Author: Pradeep Bhetwal, Wookjin Choi, Adam Dicker, Rupesh Ghimire, Yingcui Jia, Lauren Nkwonta, Yevgeniy Vinogradskiy, Wentao Wang, Maria Werner-Wasik 👨🔬
Affiliation: Thomas Jefferson University 🌍
Purpose: Multi-disciplinary clinics are becoming standard of care for patients with lung cancer treated with SBRT. To improve clinical decision support in a multi-disciplinary clinic, it would be beneficial to have information available on doses to organs at risk (OAR). However, doses to OARs are not available at the time of a multi-disciplinary clinic as the treatment plan has not been made yet. The purpose of this work was to develop an AI-based dose prediction algorithm using only a diagnostic PET/CT scan for lung SBRT.
Methods: 112 patients in different stages of lung cancer treated with SBRT were analyzed. Doses from the planning CT images were rigidly registered to the PET/CT images. OAR contours were auto-segmented using MIM ProtegeAI on planning CT, transferred to PET/CT, and converted into binary OAR masks. Two types of AI model architectures, UNET and Attention UNET, were trained on retrospective PET/CT or PET only or CT only inputs along with the OAR masks to predict dose distribution. Data were randomly split into 80% training and 20% for validation. Model performance was evaluated comparing the actual clinical and UNET predicted values differences in mean heart dose (MHDD(Gy)) or Lung V20Gy(%). The values close to 0 indicate good agreement.

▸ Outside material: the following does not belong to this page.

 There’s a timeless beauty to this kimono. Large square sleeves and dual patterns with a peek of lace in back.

Results: Median MHDD (Gy) for UNET across inputs (PET/CT; CT; PET) were (-0.04±2.79Gy;0.11±3.02Gy;-0.27±2.76Gy) respectively, and for Attention UNET were (0.06±1.54Gy;0.04±2 .15Gy; 0±2.15Gy) respectively. For Lung V20Gy (%), UNET values were (3.09±2.93%;3.61±2.98%;2.94±3.63%) respectively, and Attention UNET values were (1.74±3.09%; 2.26±3.08%; 2.09±3.65%) respectively.

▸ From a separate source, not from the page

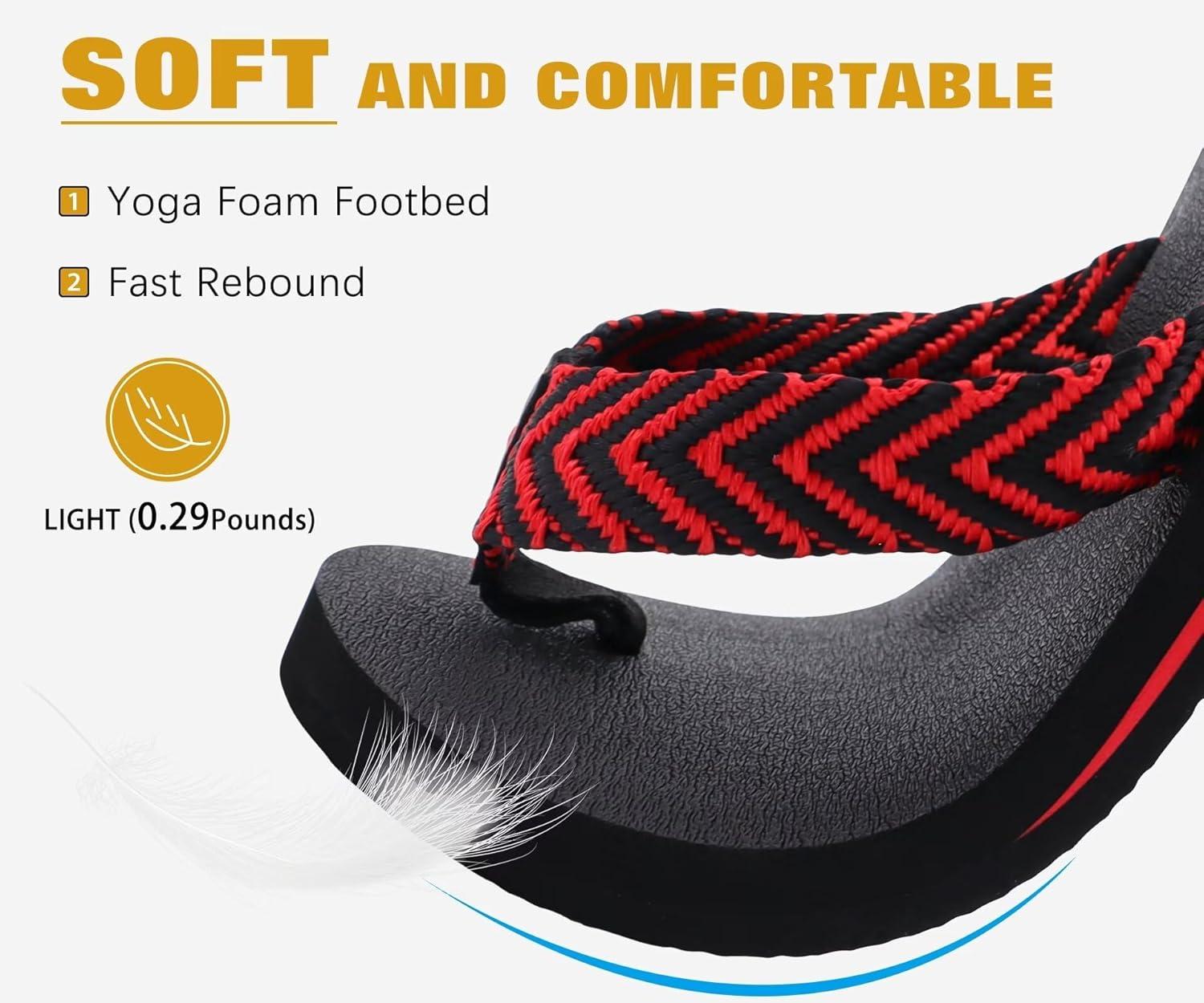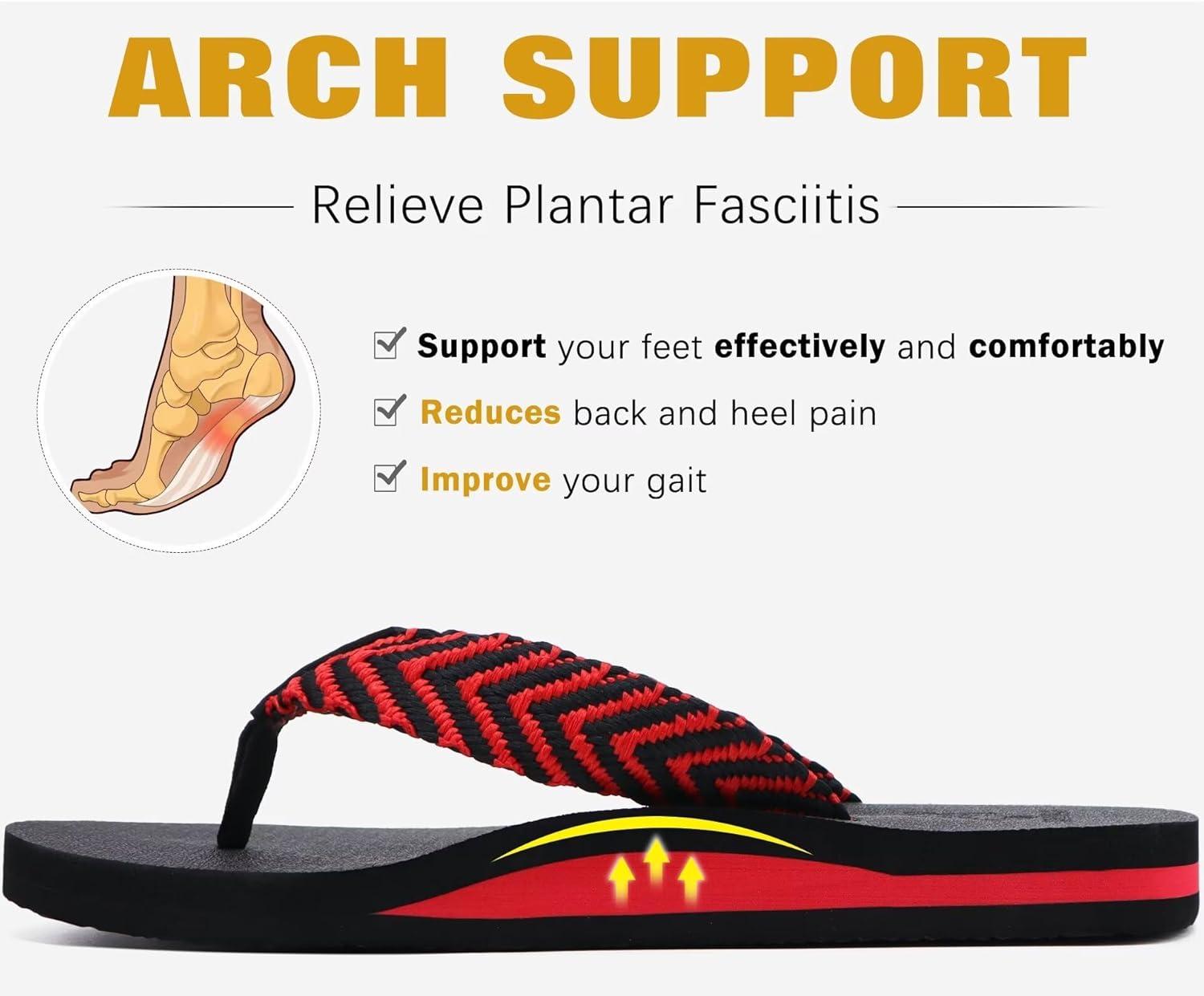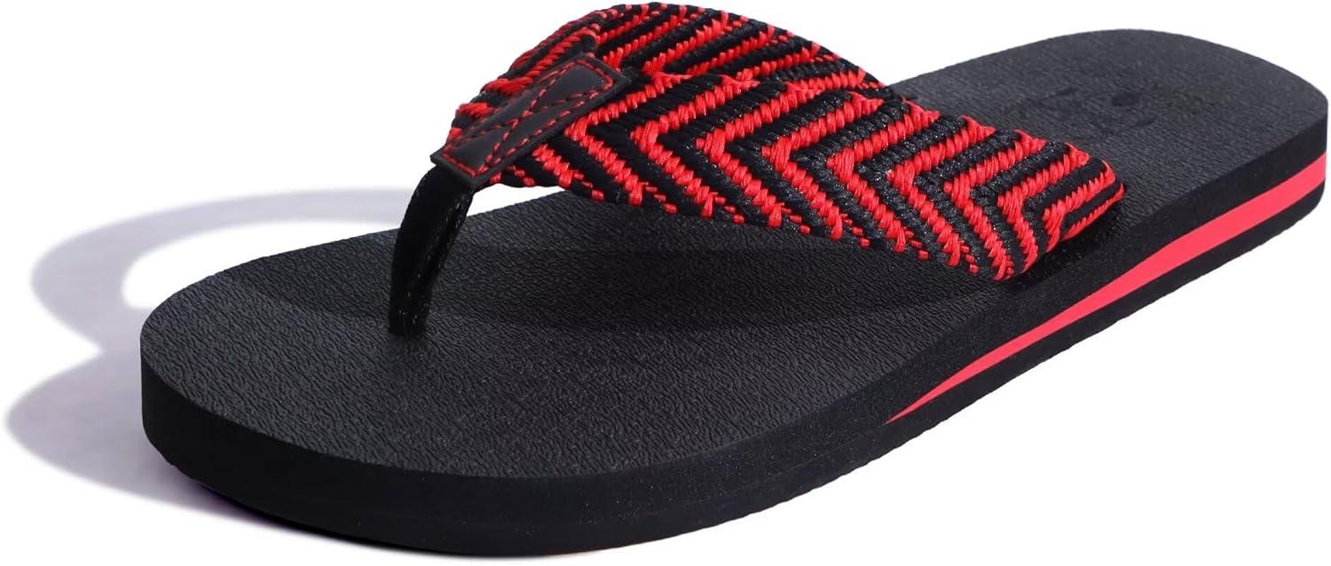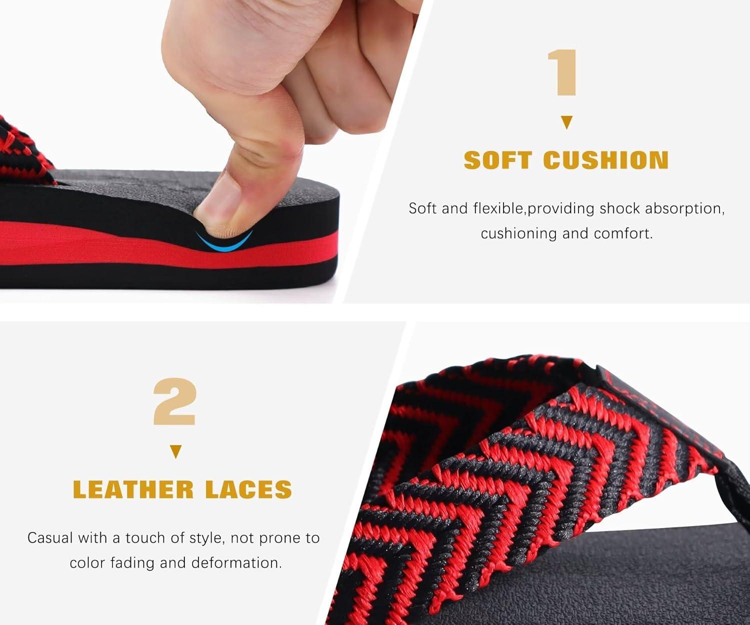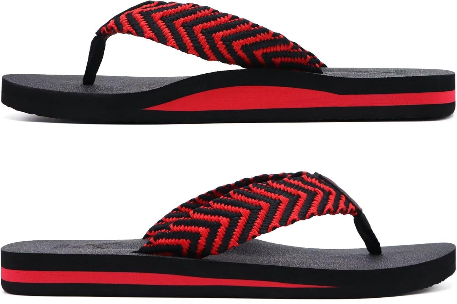 KuaiLu Men's Leather Flip Flops Arch Support Summer Beach Pool Water Thong Sandals Waterproof Rubber Walking Shoes(Black/Red)

Conclusion: The data showed that AI, PET-CT-based models can predict doses to OARs for patients being treated with SBRT with good accuracy. The PET/CT inputs provided the best predictions, closely followed by CT only predictions. Providing OAR doses to clinicians in a multi-disciplinary setting prior to the treatment plan being created can improve clinical decision-making.